Publishing Python scripts as geoprocessing services: best practices

Why Python instead of models?

If you have been publishing your ModelBuilder models as geoprocessing (further GP) services you have probably realized that it can be quite cumbersome. If you haven’t moved to Python, I think you really should. Authoring Python scripts has serious advantages over authoring models in the context of publishing GP services. This is because during the publishing process, ArcGIS Server will turn data and anything that may be needed to change into variables and this might mess up the model if you haven’t followed the guidelines on authoring GP services. The rule of thumb for me was that if there are more than 10 objects in the model, it is a good time to switch to Python. Another thing is that you can easily make modifications in the Python code without republishing; in contrast, you need to republish the model each time you want to release an updated version of the GP service. Finally, since you don’t need to restart the GP service when updating the Python file (in contrast to republishing the model which requires restarting service), there is no down-time for the service and users won’t notice anything.
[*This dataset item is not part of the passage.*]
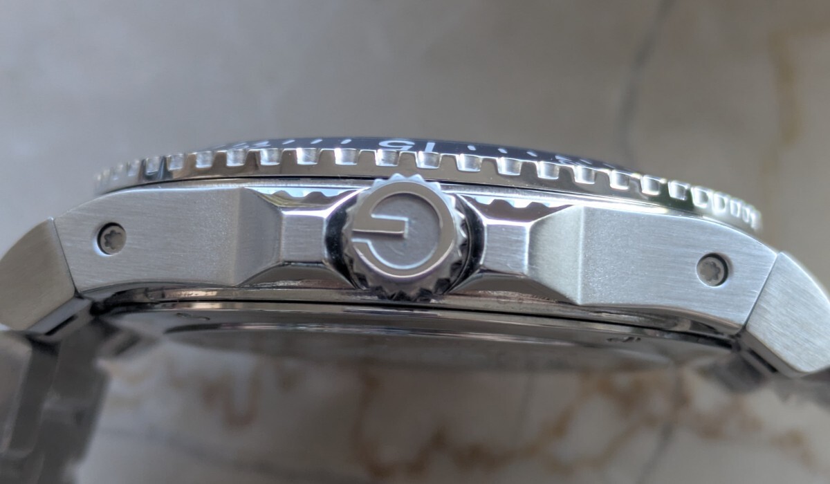 リューズには青い保護シールが貼られておりますので、剥がしてお使いください。

What happens after publishing?

Let’s take a look at what is going on under the hood. You have run your script tool in ArcMap and got the result published as a service. Now you can find your service and all the accompanying data inside the arcgisserver folder somewhere on your disk drive. The path would be: C:\arcgisserver\directories\arcgissystem\arcgisinput\%GPServiceName%.GPServer

You will find a bunch of files within the folder. Let’s inspect some of them:

  • serviceconfiguration.json – provides an overview over all the properties of the service including its execution type, enabled capabilities, output directory and many others. Here you will see all the settings you usually see in the Service Editor window.
  • manifest.xml and manifest.json – provides an overview of the system settings that were used while publishing the service. Those are not the files you usually would want to inspect.

Inside the folder esriinfo/metadata there is a file named metadata.xml which is really helpful because there you can see what date a service was published. Two tags you should look at are:

  • <CreaDate>20141204</CreaDate>
  • <CreaTime>15443700</CreaTime>

Since this information is not exposed from the GUI in ArcGIS Desktop or ArcGIS Server Manager, this is the only way to find out what time the service was created. This information may be very handy when you are unsure about the release versions.

Inside the extracted/v101 folder, you will find the result file and the toolbox you have worked with when publishing the GP service. Here you will also find a folder named after the folder where you source Python file was stored and containing the source Python file.

Best practices to organize the Python code and files?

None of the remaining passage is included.